SUPPLIED DATA:
★ ★ ★ ★

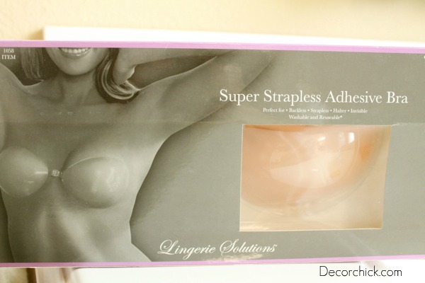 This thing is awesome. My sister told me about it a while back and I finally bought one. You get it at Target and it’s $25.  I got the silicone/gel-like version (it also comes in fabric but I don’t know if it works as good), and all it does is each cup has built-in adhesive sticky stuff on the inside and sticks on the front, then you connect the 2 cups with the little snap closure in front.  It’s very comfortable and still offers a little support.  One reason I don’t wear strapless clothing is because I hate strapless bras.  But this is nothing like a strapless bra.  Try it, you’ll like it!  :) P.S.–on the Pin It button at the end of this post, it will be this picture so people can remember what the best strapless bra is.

★ ★ ★ ★

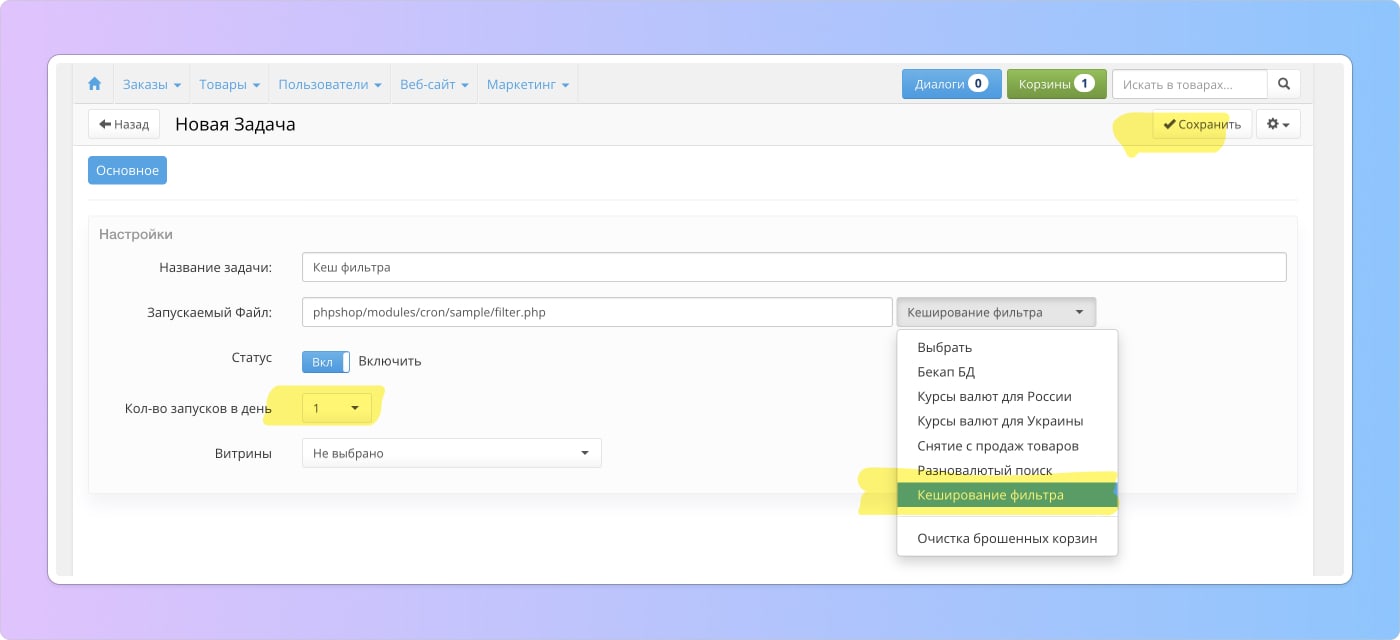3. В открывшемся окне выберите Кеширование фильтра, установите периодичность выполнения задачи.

★ ★ ★ ★

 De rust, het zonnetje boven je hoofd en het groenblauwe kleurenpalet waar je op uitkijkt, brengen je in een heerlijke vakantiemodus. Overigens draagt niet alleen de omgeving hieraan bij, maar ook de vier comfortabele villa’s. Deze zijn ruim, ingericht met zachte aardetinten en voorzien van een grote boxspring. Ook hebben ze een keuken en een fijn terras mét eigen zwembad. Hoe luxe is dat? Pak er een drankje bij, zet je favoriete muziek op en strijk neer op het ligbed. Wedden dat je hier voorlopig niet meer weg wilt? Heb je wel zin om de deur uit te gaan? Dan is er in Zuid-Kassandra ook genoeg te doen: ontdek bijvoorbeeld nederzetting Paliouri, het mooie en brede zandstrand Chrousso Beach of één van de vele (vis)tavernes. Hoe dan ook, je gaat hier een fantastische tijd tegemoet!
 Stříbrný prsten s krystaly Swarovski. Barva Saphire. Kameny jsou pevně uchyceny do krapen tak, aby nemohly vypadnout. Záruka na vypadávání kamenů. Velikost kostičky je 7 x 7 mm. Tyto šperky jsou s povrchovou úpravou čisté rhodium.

★ ★ ★ ★

WHAT NEEDS TO BE DONE:
Your task for the entries above: copy exactly the span starting with the line with "De rust, het" and going on through the line with "Stříbrný prsten s", both lines included, and nothing else.

THE ANSWER:
 De rust, het zonnetje boven je hoofd en het groenblauwe kleurenpalet waar je op uitkijkt, brengen je in een heerlijke vakantiemodus. Overigens draagt niet alleen de omgeving hieraan bij, maar ook de vier comfortabele villa’s. Deze zijn ruim, ingericht met zachte aardetinten en voorzien van een grote boxspring. Ook hebben ze een keuken en een fijn terras mét eigen zwembad. Hoe luxe is dat? Pak er een drankje bij, zet je favoriete muziek op en strijk neer op het ligbed. Wedden dat je hier voorlopig niet meer weg wilt? Heb je wel zin om de deur uit te gaan? Dan is er in Zuid-Kassandra ook genoeg te doen: ontdek bijvoorbeeld nederzetting Paliouri, het mooie en brede zandstrand Chrousso Beach of één van de vele (vis)tavernes. Hoe dan ook, je gaat hier een fantastische tijd tegemoet!
 Stříbrný prsten s krystaly Swarovski. Barva Saphire. Kameny jsou pevně uchyceny do krapen tak, aby nemohly vypadnout. Záruka na vypadávání kamenů. Velikost kostičky je 7 x 7 mm. Tyto šperky jsou s povrchovou úpravou čisté rhodium.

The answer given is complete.